**Supplied material:**
————————
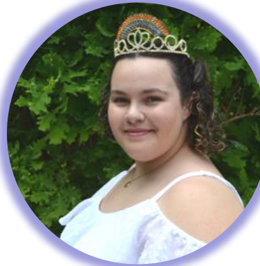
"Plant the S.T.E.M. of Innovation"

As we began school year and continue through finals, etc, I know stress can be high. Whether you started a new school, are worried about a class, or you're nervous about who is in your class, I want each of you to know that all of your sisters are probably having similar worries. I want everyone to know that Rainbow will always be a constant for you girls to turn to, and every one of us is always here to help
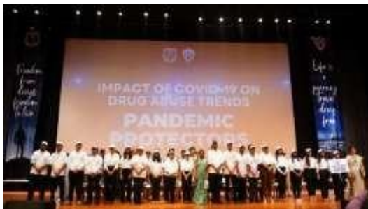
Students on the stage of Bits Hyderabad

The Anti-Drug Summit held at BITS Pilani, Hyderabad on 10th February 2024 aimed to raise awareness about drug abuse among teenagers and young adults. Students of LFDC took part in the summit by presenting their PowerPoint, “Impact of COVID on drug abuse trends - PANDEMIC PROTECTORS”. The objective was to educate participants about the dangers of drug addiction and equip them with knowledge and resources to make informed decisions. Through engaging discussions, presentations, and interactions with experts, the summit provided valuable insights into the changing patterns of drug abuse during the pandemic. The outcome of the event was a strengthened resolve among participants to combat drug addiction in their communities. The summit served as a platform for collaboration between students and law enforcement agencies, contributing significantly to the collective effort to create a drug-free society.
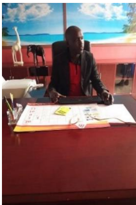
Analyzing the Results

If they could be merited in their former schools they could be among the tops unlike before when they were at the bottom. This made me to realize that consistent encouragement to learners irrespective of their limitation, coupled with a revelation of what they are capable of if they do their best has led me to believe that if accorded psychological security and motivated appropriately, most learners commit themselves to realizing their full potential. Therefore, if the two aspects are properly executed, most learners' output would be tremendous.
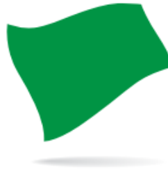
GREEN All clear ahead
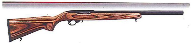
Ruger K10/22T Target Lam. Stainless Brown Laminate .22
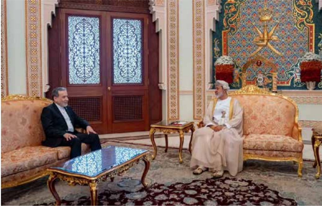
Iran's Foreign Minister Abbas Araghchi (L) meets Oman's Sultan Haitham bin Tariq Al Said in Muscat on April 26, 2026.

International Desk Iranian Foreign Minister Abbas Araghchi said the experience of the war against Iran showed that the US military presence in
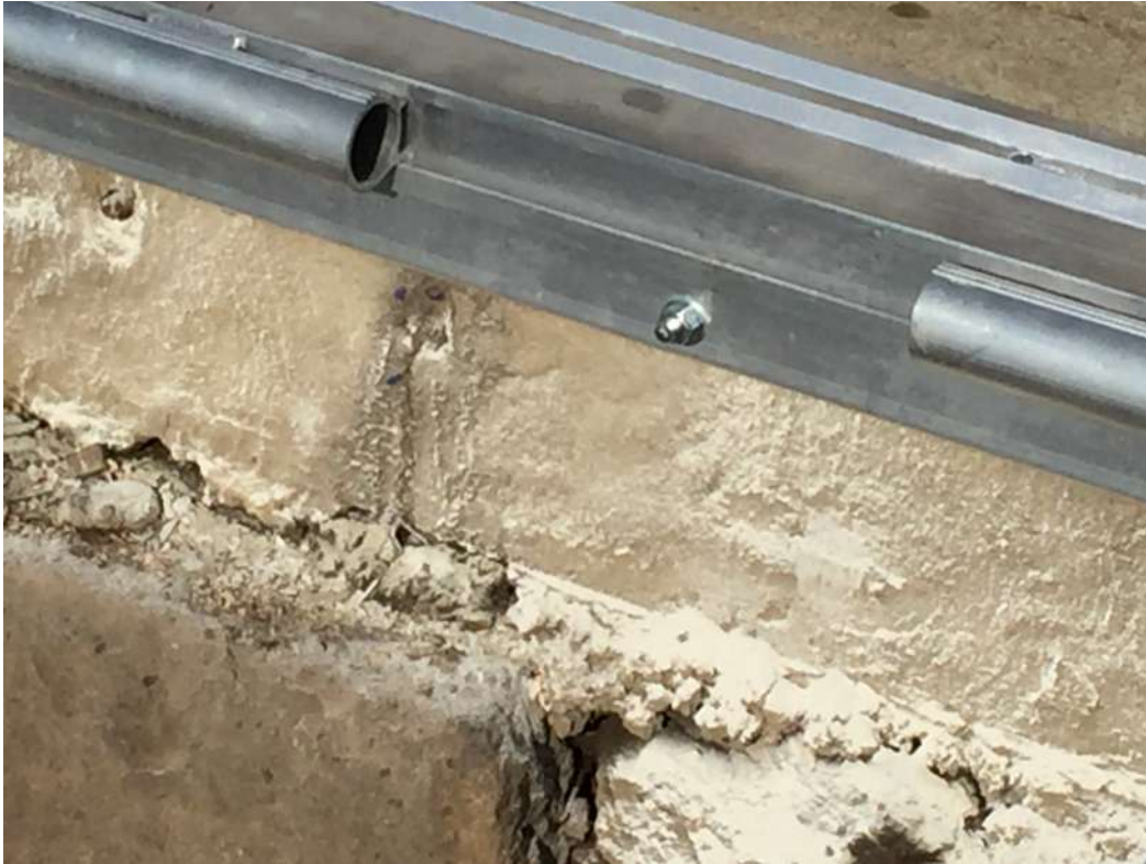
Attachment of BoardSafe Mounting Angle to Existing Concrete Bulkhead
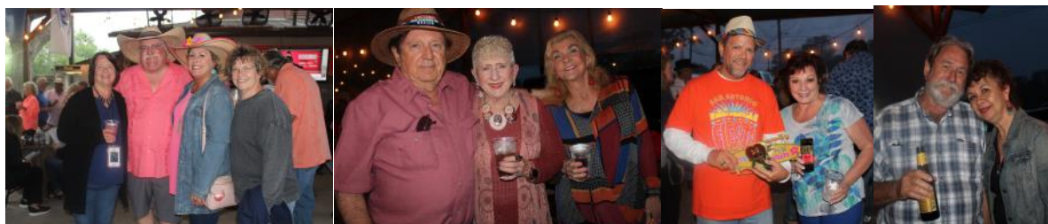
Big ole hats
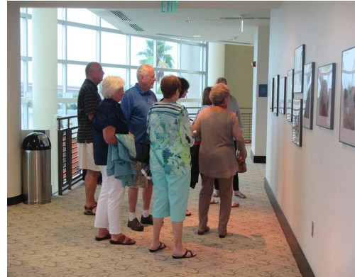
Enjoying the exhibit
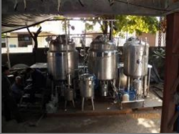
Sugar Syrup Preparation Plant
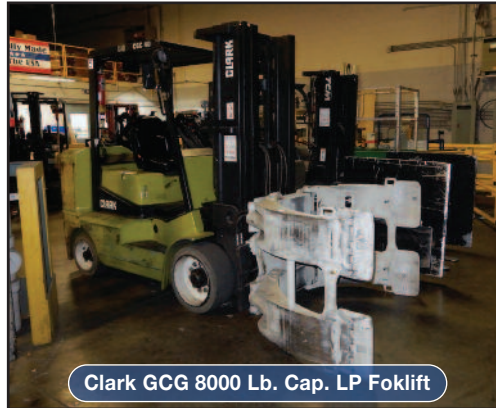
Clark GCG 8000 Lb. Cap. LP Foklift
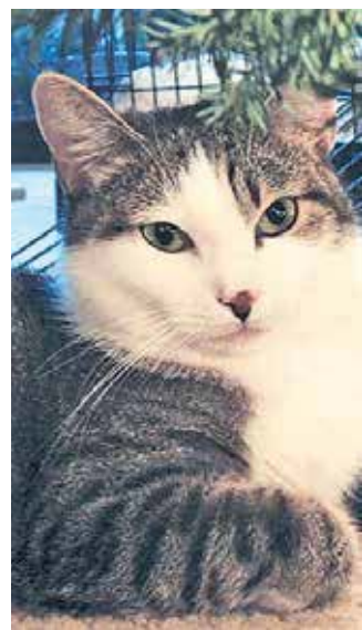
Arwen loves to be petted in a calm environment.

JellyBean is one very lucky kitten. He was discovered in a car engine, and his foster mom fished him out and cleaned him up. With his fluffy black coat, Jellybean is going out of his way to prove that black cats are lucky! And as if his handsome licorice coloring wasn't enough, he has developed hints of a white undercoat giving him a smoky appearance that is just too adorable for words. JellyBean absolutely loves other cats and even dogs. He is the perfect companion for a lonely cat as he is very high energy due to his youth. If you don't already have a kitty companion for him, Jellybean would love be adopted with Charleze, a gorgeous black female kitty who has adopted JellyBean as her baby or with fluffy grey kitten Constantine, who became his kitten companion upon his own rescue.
————————
Quote the data above exactly from the line with "Analyzing the Results" to the line with "GREEN All clear ahead", both ends counted, and nothing else. Pictures don't go in.

**Solution:**
Analyzing the Results

If they could be merited in their former schools they could be among the tops unlike before when they were at the bottom. This made me to realize that consistent encouragement to learners irrespective of their limitation, coupled with a revelation of what they are capable of if they do their best has led me to believe that if accorded psychological security and motivated appropriately, most learners commit themselves to realizing their full potential. Therefore, if the two aspects are properly executed, most learners' output would be tremendous.
GREEN All clear ahead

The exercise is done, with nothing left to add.